# Decompose matrix into outer product of vectors

1. Sep 17, 2012

### Pacopag

Hi. I'm wondering if anyone can point me to any information on techniques to decompose a matrix (actually a 3D matrix) into an outer product of vectors. Particularly, given $$M_{i,j,k}$$, I want to find vectors $$a_{i}$$, $$b_{i}$$ and $$c_{i}$$ such that

$$M_{i,j,k} = a_{i}b_{i}c_{i}$$
where the multiplication on the right is an outer product.

I've read that this is only possible if the matrix M has a rank of one, but I can find anything on how to actually decompose the matrix, only that it CAN BE done. Also, if M has rank one, does that mean that there is a "unique" decomposition? What if the rank is something other than one? In that case would it be possible to find a family of solutions?

Thanks for any help.

2. Sep 17, 2012

### Muphrid

Edit: strike all this, you meant a different outer product. Lemme think on this a bit more.

Last edited: Sep 17, 2012
3. Sep 17, 2012

### Bavid

Consider the matrix $$a_ib_j$$. This matrix is rank 1 since only one row and one column of this matrix is independently determined. The others rows(columns) bear constant ratios to this one row(column). Now if you take the ratio of successive elements in each row, it is easy to calculate $$a_1/a_2,b_2/b_3\ldots$$ etc.

Now write these ratios in terms of say $$a_1$$ and $$b_1$$. We name the ratios with the letter $$k$$, e.g., $$a_2=k^a_2a_1$$ (superscript does not denote exponent). Once you substitute all the $$k^a$$s and the $$k^b$$s, you get a matrix where $$a_1b_1$$ can be factored out and its value is known.

At this point, we cannot determine $$a_1$$ and $$b_1$$ individually. You can select $$a_1=p$$ and $$b_1=a_1b_1/p$$ and the resulting vector pairs will all work.

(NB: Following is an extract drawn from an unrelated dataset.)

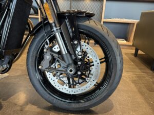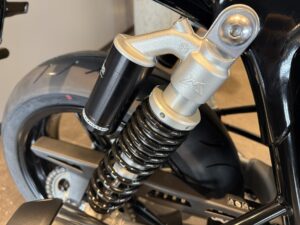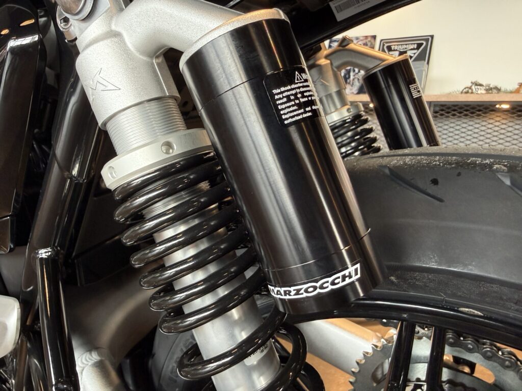 リアサスペンション オーリンズ製ツインRSU、外付けリザーバー、プリロード、圧側減衰力、伸側減衰力の調整可能、ホイールトラベル123mm

With a little extra work, this approach can be extended to higher order matrices.

4. Sep 17, 2012

### Pacopag

That's great Bavid! Is there ANYTHING that can be done if the matrix is not of rank 1? Or is it the case that no such decomposition exists, even up to undetermined coefficients, if the rank is anything other than 1?

5. Sep 17, 2012

### Bavid

It appears to me that rank 1 is necessary but not sufficient for a matrix to be represented as a_ib_j. For example, rank one matrices may have rows differing by a constant, as in (row_i)=m*(row_j)+c which could be rank 1 but not decomposable to a_ib_j.

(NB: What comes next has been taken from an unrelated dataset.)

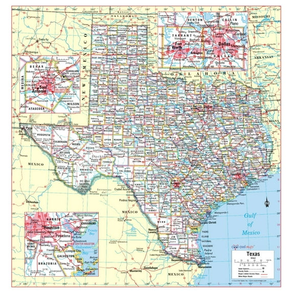 Texas State Wall Map Large Print Poster Laminated 30 quot Wx31 quot H Walmart com

Vector outer product ALWAYS produces a rank 1 matrix, at least among 3*3 matrices..think about it, there are 6 independent components in the constituent vectors but 9 components in the resulting matrix. So there is a well-defined interdependence of the matrix components. You cannot hope for any random matrix to be expressed as an outer product.

6. Sep 17, 2012

### Pacopag

That's great. Thanks.

7. Sep 17, 2012

### Stephen Tashi

One way to look at the Singular Value Decomposition (SVD) of a matrix is that it tells you how to express the matrix as a linear combination of outer products of vectors. Thus it may suggest away to approximate a matrix by using only some of the outer products in the linear combination.

I don't know what the SVD tells us about 3D arrays. We'd have to think about that.